Of the 52 discovered events 43 involved the exonization of antisense L1 sequences. Similarly, the authors of a very recent study investigated exonization of transposable elements and reported the greater number of the antisense orientation L1 exonization events [23]. The observed greater number of L1 exonizations in the antisense may result from the antisense orientation bias of intronic L1s (see Antisense splice sites vs. antisense L1 insertional bias and Conclusion).

The most frequently used acceptor and donor splice sites we have identified are SA-154 (located in the antisense strand of 5' UTR) and SD+52 (in the antisense strand of ORF1), supported by 13 and 16 different cDNA transcripts, respectively (Fig. 3A).

A classic example of sense orientation L1 exonization was previously reported when the insertion of a ~1100 bp 3' fragment of a L1 TF element within an intron of the beige gene caused a disease-specific mutation in mouse [17]. Usage of the two SD sites, BG_SD+4694 and BG_SD+4903, identified in the latter study, was also evident in 6 and 3 different cDNAs, respectively, in our data set (see Fig. 3A and online annotation at [22]).

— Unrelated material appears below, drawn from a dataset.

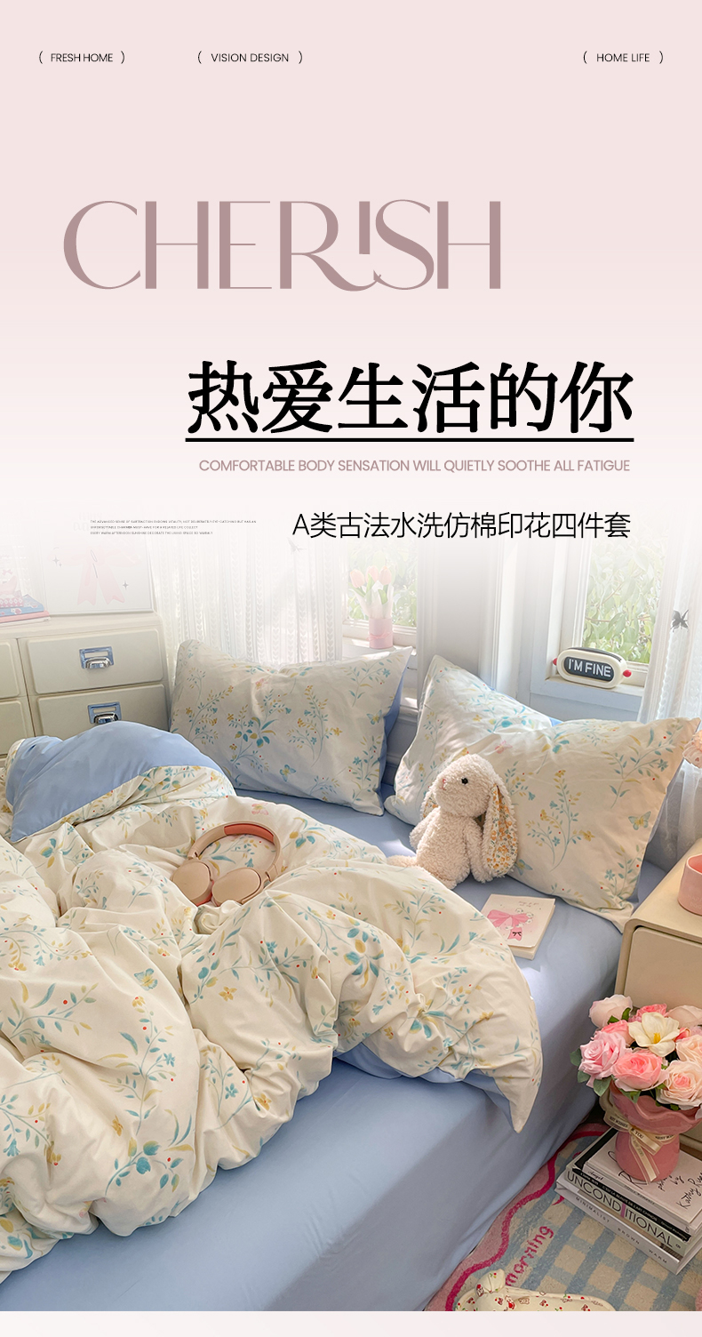 当前位置: 91家纺网 > 商品网购 > 床品套件 > 四件套 > 化纤普通四件套 > 卡斯诺家纺馆 2026新款古法水洗仿棉四件套(下载文件包含买家秀) 焦糖花影

Diverse lengths of exonized L1s

Clearly, truncated and rearranged L1s provide different splice sites. The shortest exonized L1 insertion we have annotated is only 164 bp long (see online annotation of AK032656) and provides the antisense SA+5614 site located at the polyadenylation signal (notably, the polypyrimidine tract here is derived from the polyadenylation signal of L1). As shown in this study (see [22]) the diverse range of lengths of exonized L1 insertions renders numerous possibilities for the combinatorial usage of the splice sites. Conversely, as evidenced by cDNA AK034994, two separate antisense (237 bp) and sense (1117 bp) L1 insertions cooperatively provide SD and SA sites to create a L1-derived exon.

Evidence for an antisense promoter in mouse L1s

As shown in Fig. 3A (scenario II in Fig. 2), we observed an exonization scenario in which first exons are created from intronic antisense L1 sequences (see [22] for examples). In these cases, first exons are spliced to the downstream exons via SD sites present within antisense L1 sequences. This might support the existence of regulatory motifs within mouse antisense L1 sequences that can initiate transcription, as has been reported for the antisense promoter in human L1s [810, 24]. We identified a region of transcriptional start site within the antisense sequence of ORF1, which is supported by 17 different cDNAs (Fig. 4). This region could be the site of a novel mouse L1 antisense promoter, but experimental studies would be required to confirm this. Transcription of L1-derived first exons, that subsequently capture downstream exons which encode intact protein domains, may constitute a mechanism for the generation of novel functional coding transcripts through "gene breaking", as has been described in humans [24]. For example, in one of our annotated cDNA examples, AK006905, the SD+288 site present in ~6 kbp L1 TF insertion is used to link L1-derived sequence with downstream exons encoding the C-terminus of DNA directed polymerase iota (gi: 6755273). This mRNA transcript, would encode a 254 amino acid (a.a.) protein containing two ubiquitin-binding motifs (UBM) [25]. Also in this example, two more splice sites originating from the same ~6 kbp L1 TF. insertion, SA+120 and SD+52 generate an L1-derived exon. A similar exonization pattern, leading to first exon generation, is also evident in the transcript AK015267 where another ~6 kbp L1GF insertion provides SD+288, SA+106 and SD+52 sites, as well as SA-154. In the latter case SA+120 is substituted for the SA+106 site located nearby (see online annotation).

Figure 4
figure 4

Distribution of transcriptional start sites within a region of antisense sequence of the ORF1. The coordinates are with respect to the start of the ORF1 in L1mda2 sequence (M13002). The Y axis represents the number of cDNAs supporting each transcriptional start site location. In total, 17 cDNAs support the TSs in this region: AK017011, AK076828, AK006905, AK007235, AK015524, AK161293, AK132928, AK135585, AK077067, AK016072, AK015559, AK076999, AK015267, AK015548, AK015778, AK015845, AK015266.

Coding potential of antisense L1-derived exons

Provocatively it has been proposed that, in general, repeat exonization via alternative splicing may constitute a vehicle for the exaption of repeat sequences into novel functions [20, 26, 27]. In line with this, a recent experimental study demonstrated that arbitrary sequences can evolve towards functionality when fused with other pre-existing protein modules [28].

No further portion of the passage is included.